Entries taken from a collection
-- Opening Marker --
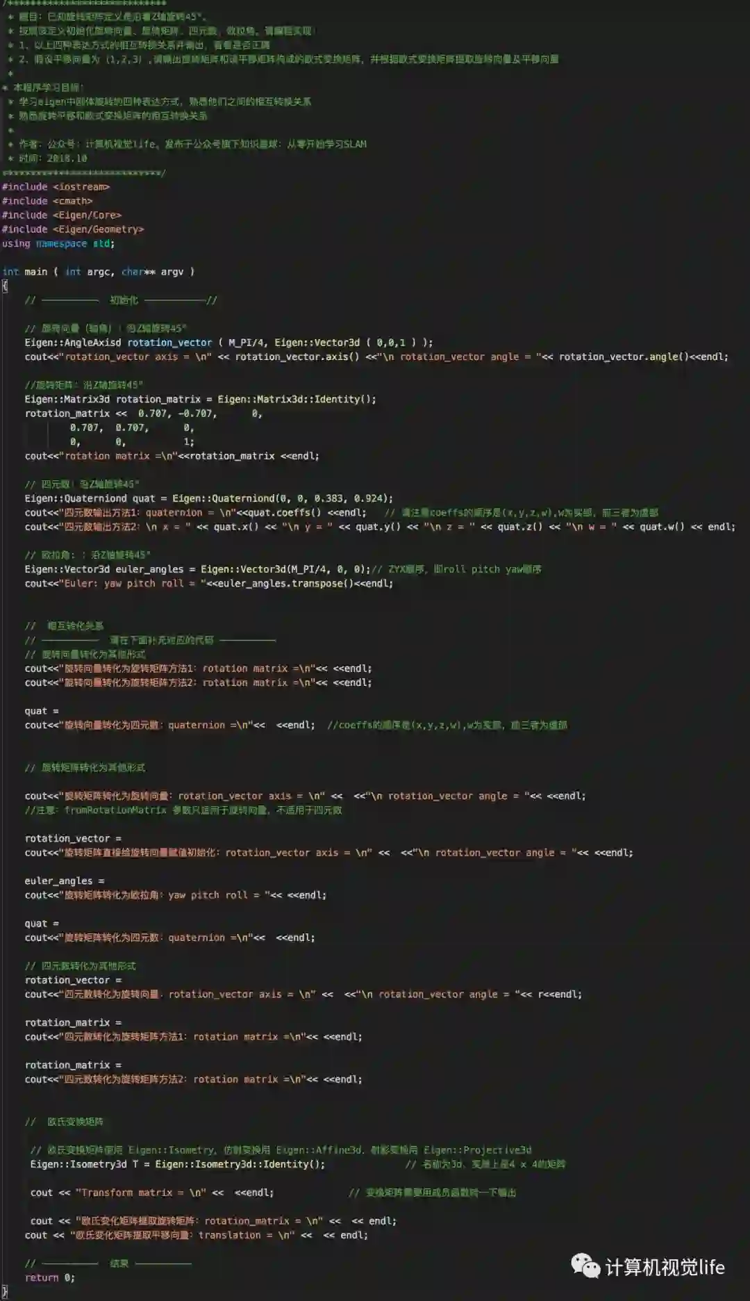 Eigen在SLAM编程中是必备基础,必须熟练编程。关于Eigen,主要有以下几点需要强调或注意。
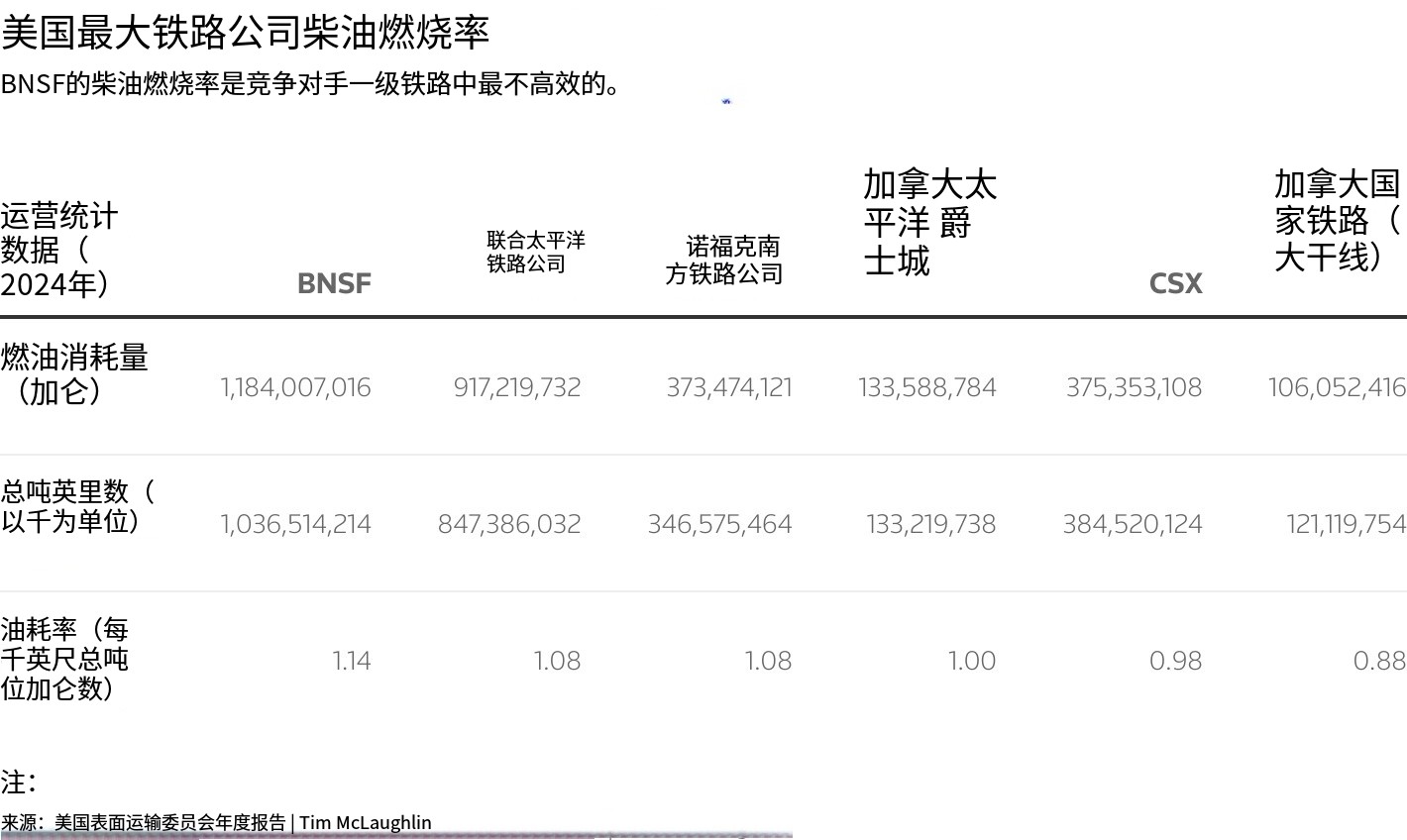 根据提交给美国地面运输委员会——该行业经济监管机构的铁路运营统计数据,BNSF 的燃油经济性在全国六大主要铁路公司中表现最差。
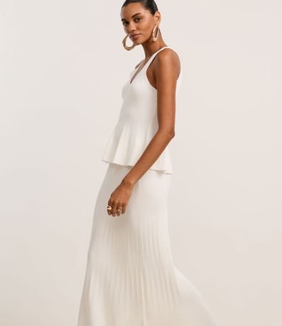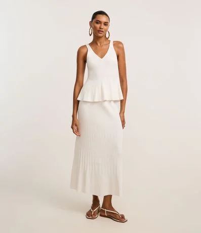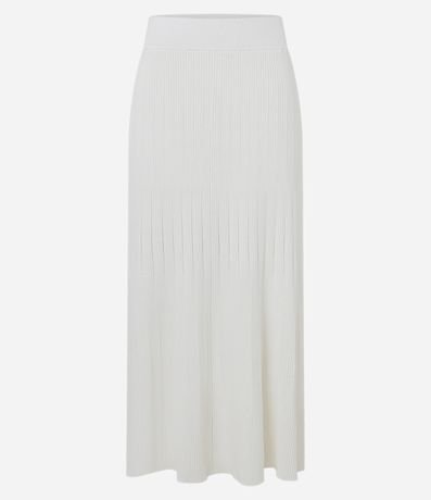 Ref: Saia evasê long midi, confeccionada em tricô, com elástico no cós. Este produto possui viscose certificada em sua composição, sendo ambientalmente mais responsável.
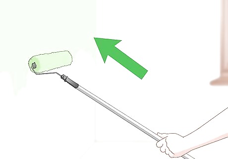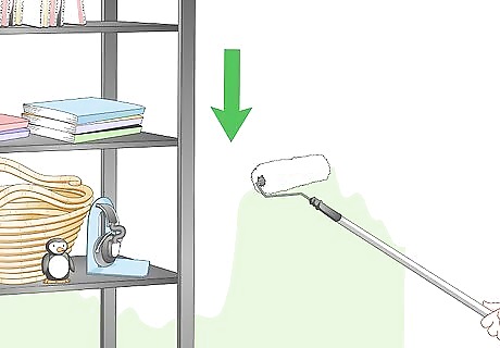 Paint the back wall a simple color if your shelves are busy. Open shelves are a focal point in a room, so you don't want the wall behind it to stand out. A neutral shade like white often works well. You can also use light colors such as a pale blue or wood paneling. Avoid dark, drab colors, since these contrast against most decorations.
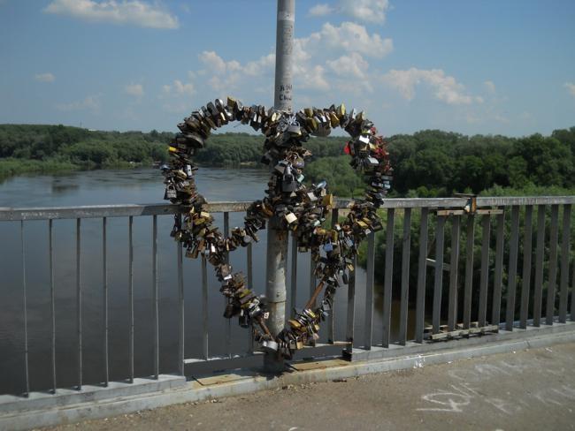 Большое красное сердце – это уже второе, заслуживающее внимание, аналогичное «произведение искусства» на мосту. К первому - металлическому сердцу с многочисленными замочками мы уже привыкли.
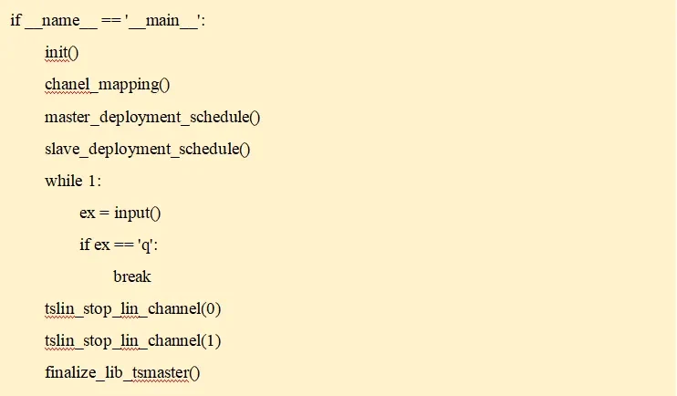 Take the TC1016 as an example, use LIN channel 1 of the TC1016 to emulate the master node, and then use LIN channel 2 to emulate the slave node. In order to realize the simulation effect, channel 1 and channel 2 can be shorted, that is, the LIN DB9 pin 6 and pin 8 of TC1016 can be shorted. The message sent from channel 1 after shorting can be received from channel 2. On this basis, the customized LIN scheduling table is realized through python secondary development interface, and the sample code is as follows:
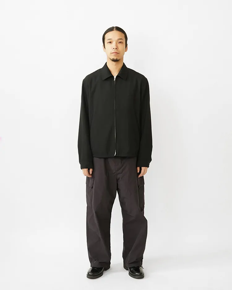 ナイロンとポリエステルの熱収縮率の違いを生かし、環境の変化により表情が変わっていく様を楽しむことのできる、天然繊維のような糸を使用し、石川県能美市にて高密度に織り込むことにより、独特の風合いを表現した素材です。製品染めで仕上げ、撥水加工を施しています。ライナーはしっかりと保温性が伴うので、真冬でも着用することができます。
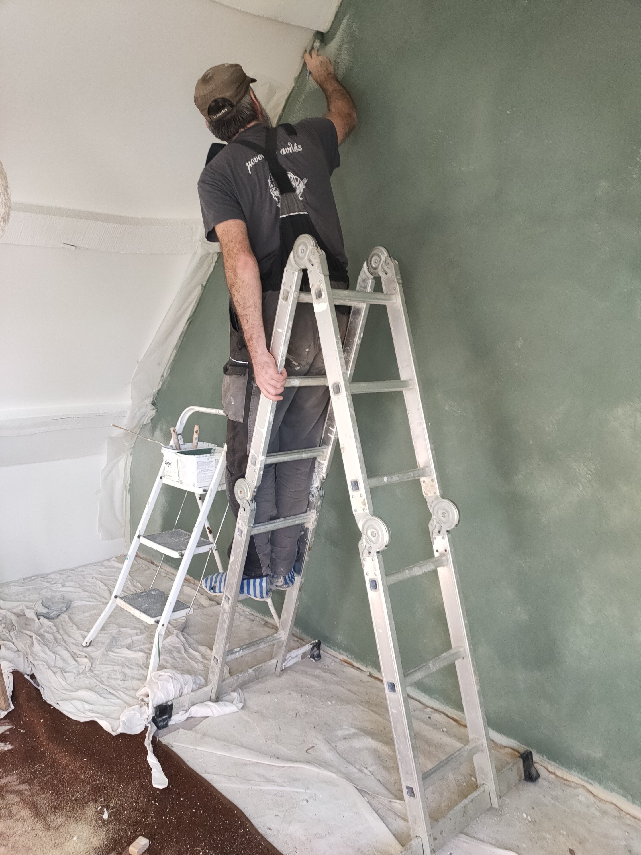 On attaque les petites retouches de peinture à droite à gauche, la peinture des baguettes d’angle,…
-- Closing Marker --
-- Opening Marker --
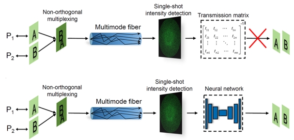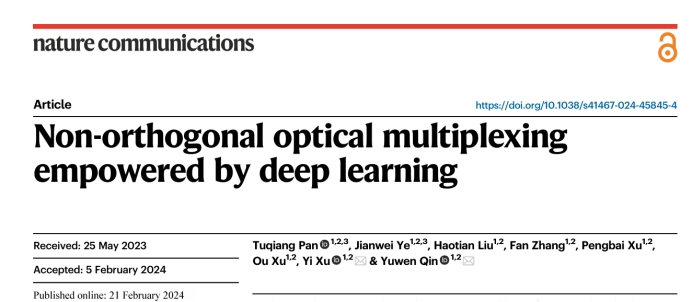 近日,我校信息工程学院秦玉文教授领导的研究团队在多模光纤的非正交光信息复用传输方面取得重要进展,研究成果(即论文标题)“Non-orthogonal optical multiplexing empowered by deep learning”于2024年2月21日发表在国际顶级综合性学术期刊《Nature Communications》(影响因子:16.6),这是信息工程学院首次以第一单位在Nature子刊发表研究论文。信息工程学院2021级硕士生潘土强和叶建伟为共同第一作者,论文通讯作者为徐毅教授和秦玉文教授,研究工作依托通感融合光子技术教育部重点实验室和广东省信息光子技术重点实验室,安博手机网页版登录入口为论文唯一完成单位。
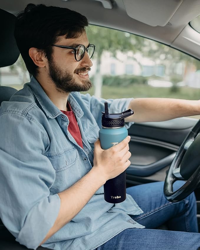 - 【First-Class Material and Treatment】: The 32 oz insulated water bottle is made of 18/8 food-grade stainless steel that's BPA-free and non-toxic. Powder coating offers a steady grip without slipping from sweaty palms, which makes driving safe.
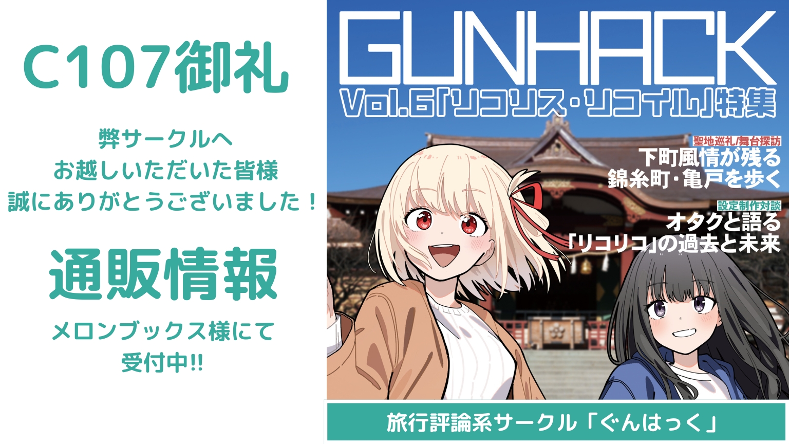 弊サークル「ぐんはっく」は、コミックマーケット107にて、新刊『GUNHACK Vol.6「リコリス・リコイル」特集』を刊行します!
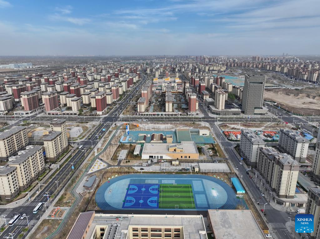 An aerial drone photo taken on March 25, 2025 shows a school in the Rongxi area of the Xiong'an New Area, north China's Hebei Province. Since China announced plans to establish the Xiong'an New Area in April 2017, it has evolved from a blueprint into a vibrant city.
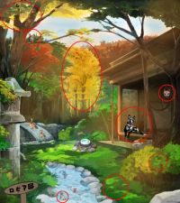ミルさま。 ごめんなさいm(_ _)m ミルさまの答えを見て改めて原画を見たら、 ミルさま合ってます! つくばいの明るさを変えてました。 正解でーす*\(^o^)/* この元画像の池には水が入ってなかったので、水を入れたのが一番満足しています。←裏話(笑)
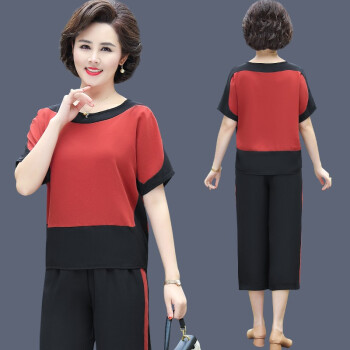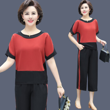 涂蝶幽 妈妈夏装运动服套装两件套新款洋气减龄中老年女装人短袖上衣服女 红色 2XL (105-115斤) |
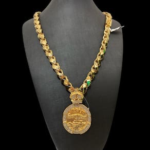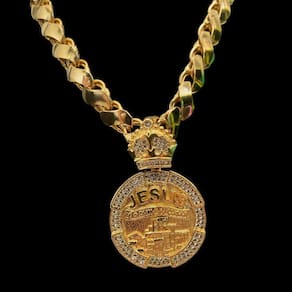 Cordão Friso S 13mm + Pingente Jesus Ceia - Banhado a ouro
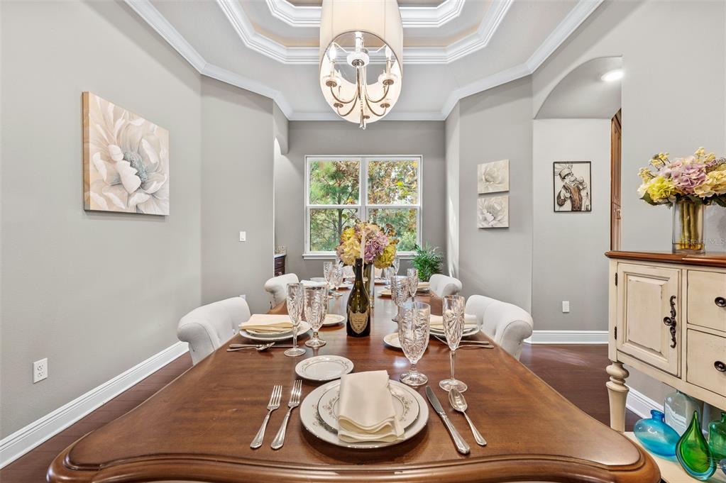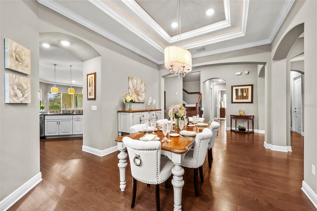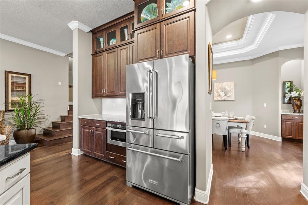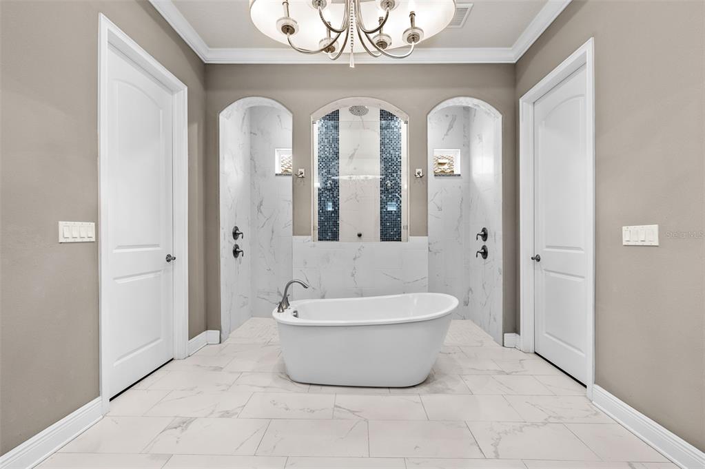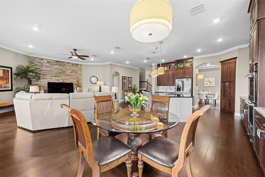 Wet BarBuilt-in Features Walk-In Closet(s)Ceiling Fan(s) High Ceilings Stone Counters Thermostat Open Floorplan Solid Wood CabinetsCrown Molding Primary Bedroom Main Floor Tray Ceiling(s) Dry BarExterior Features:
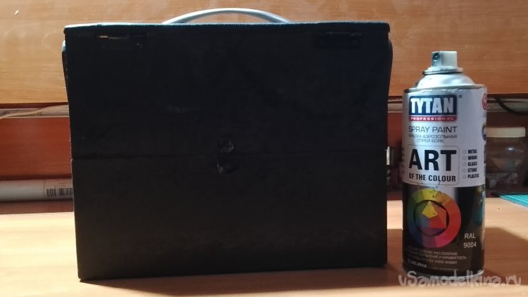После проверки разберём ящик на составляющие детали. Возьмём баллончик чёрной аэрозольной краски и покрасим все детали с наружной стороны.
-- Closing Marker --
EXERCISE INSTRUCTIONS =>
Each line between the one holding "Eigen在SLAM编程中是" and the one holding "Большое красное сердце", inclusive, should be copied exactly as it appears above, and pictures should be omitted.

ANSWER AREA =>
 Eigen在SLAM编程中是必备基础,必须熟练编程。关于Eigen,主要有以下几点需要强调或注意。
 根据提交给美国地面运输委员会——该行业经济监管机构的铁路运营统计数据,BNSF 的燃油经济性在全国六大主要铁路公司中表现最差。
 Ref: Saia evasê long midi, confeccionada em tricô, com elástico no cós. Este produto possui viscose certificada em sua composição, sendo ambientalmente mais responsável.
 Paint the back wall a simple color if your shelves are busy. Open shelves are a focal point in a room, so you don't want the wall behind it to stand out. A neutral shade like white often works well. You can also use light colors such as a pale blue or wood paneling. Avoid dark, drab colors, since these contrast against most decorations.
 Большое красное сердце – это уже второе, заслуживающее внимание, аналогичное «произведение искусства» на мосту. К первому - металлическому сердцу с многочисленными замочками мы уже привыкли.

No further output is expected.